**Listed records:**
- - - -
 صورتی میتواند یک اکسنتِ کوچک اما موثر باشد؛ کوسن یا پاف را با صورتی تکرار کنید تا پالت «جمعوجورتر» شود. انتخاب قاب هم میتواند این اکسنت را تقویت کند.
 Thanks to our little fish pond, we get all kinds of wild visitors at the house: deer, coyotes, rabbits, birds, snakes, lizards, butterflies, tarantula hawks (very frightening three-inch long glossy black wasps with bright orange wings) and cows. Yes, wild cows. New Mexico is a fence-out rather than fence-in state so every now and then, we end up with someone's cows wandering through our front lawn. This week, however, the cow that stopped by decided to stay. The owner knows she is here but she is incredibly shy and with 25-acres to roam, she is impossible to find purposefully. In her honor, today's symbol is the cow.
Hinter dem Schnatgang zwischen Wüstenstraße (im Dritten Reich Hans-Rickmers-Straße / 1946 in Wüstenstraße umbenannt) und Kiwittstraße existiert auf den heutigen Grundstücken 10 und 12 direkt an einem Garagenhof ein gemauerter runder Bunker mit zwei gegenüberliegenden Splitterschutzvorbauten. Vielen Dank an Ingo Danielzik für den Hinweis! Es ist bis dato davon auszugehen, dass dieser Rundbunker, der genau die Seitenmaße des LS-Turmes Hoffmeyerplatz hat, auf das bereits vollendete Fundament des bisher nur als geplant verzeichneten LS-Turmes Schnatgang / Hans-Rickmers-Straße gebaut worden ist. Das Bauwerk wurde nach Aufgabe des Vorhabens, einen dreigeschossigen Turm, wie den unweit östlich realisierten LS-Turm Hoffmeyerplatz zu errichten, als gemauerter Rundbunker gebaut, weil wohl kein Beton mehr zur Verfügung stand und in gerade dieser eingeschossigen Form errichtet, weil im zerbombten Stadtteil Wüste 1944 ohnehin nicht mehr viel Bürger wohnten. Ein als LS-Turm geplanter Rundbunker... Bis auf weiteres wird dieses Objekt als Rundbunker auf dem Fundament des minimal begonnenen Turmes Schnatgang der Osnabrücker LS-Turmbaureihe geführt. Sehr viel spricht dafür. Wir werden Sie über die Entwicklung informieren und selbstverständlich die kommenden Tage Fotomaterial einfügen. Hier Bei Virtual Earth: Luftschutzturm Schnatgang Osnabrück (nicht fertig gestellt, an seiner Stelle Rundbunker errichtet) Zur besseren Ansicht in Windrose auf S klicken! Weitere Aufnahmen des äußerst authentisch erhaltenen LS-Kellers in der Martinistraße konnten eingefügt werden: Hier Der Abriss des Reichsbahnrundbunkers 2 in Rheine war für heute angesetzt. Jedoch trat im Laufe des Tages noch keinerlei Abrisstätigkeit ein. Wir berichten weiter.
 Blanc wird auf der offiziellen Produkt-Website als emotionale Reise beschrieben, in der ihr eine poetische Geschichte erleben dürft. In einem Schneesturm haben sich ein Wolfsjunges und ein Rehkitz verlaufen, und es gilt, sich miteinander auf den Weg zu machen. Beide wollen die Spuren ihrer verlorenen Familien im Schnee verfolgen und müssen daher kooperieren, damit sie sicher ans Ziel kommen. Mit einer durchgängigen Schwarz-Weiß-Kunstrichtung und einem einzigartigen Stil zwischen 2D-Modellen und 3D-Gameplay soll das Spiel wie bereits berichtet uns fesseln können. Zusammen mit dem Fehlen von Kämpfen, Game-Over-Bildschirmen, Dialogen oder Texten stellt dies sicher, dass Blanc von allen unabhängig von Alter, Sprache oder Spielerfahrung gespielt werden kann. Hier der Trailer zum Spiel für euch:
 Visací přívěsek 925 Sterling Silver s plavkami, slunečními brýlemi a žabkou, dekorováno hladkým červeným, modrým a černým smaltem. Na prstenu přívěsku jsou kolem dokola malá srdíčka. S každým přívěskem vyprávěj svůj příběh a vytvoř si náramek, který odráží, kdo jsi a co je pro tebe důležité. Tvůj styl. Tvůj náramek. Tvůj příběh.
- - - -
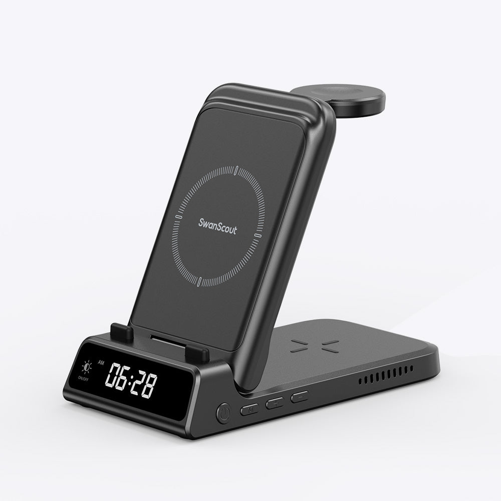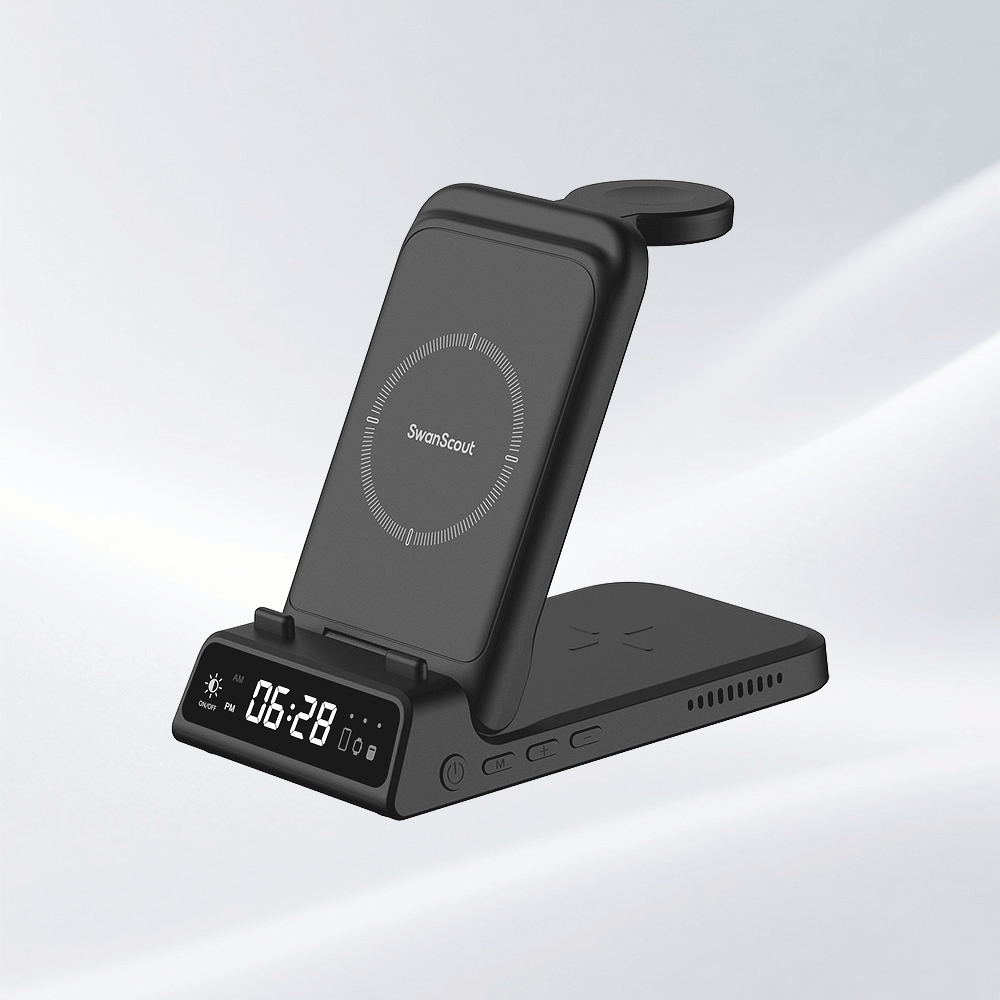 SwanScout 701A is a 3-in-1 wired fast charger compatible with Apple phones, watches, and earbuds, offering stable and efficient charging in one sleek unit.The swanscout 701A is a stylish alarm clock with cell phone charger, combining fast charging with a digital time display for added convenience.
- - - -
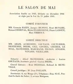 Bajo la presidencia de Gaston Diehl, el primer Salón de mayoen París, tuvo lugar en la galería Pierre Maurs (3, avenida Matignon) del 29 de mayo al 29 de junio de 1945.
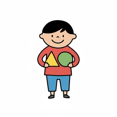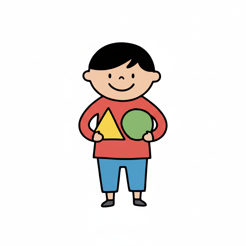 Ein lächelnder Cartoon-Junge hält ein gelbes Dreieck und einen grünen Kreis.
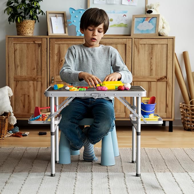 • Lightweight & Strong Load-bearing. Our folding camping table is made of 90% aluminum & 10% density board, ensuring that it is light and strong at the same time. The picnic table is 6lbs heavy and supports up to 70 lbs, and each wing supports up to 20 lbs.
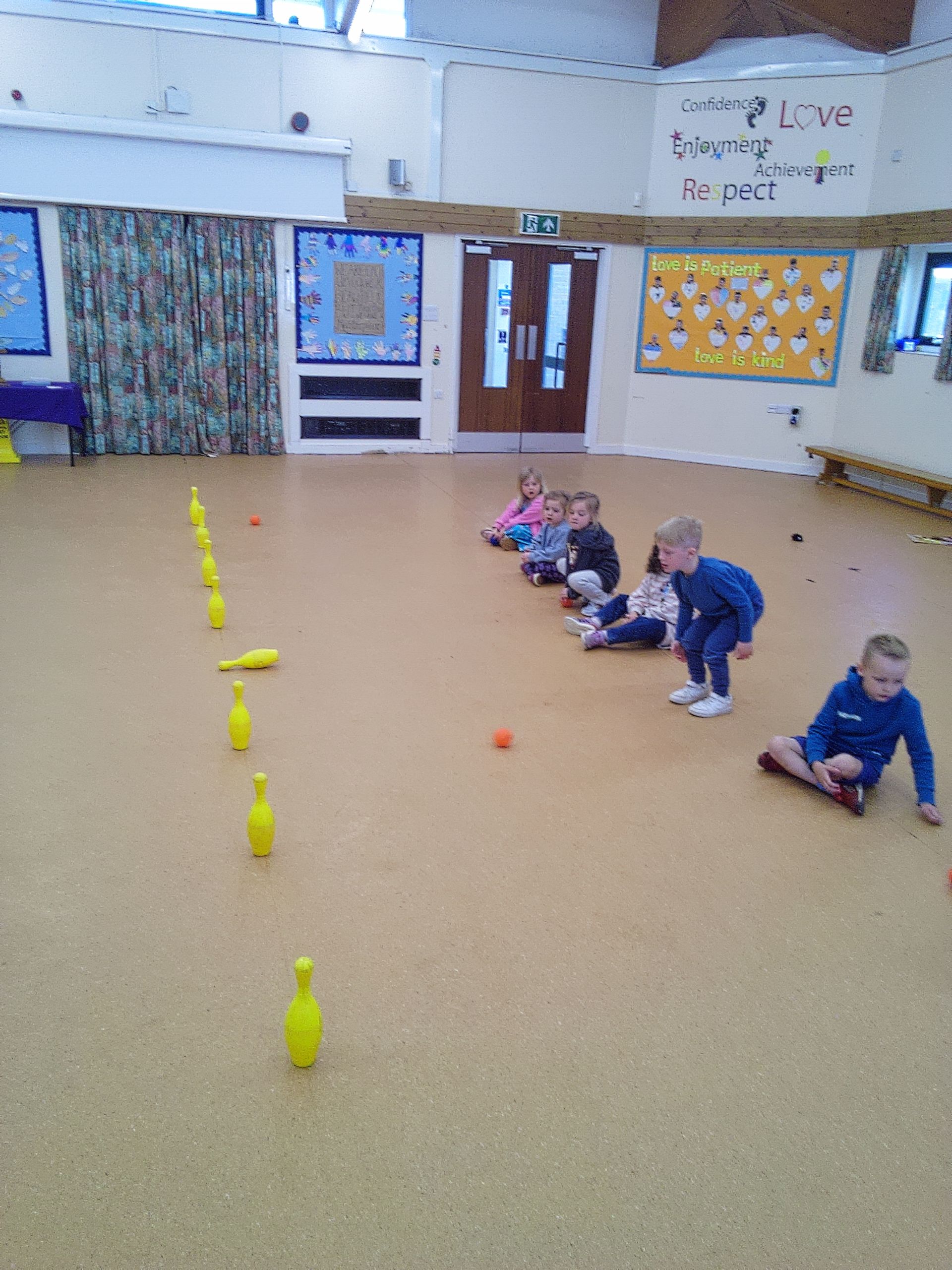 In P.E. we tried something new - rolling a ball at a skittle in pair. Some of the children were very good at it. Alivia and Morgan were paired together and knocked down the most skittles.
- - - -
With the first line being the one containing "صورتی میتواند یک" and the last line the one containing "Thanks to our", transcribe exactly the lines above that fall in that range.

**Written response:**
 صورتی میتواند یک اکسنتِ کوچک اما موثر باشد؛ کوسن یا پاف را با صورتی تکرار کنید تا پالت «جمعوجورتر» شود. انتخاب قاب هم میتواند این اکسنت را تقویت کند.
 Thanks to our little fish pond, we get all kinds of wild visitors at the house: deer, coyotes, rabbits, birds, snakes, lizards, butterflies, tarantula hawks (very frightening three-inch long glossy black wasps with bright orange wings) and cows. Yes, wild cows. New Mexico is a fence-out rather than fence-in state so every now and then, we end up with someone's cows wandering through our front lawn. This week, however, the cow that stopped by decided to stay. The owner knows she is here but she is incredibly shy and with 25-acres to roam, she is impossible to find purposefully. In her honor, today's symbol is the cow.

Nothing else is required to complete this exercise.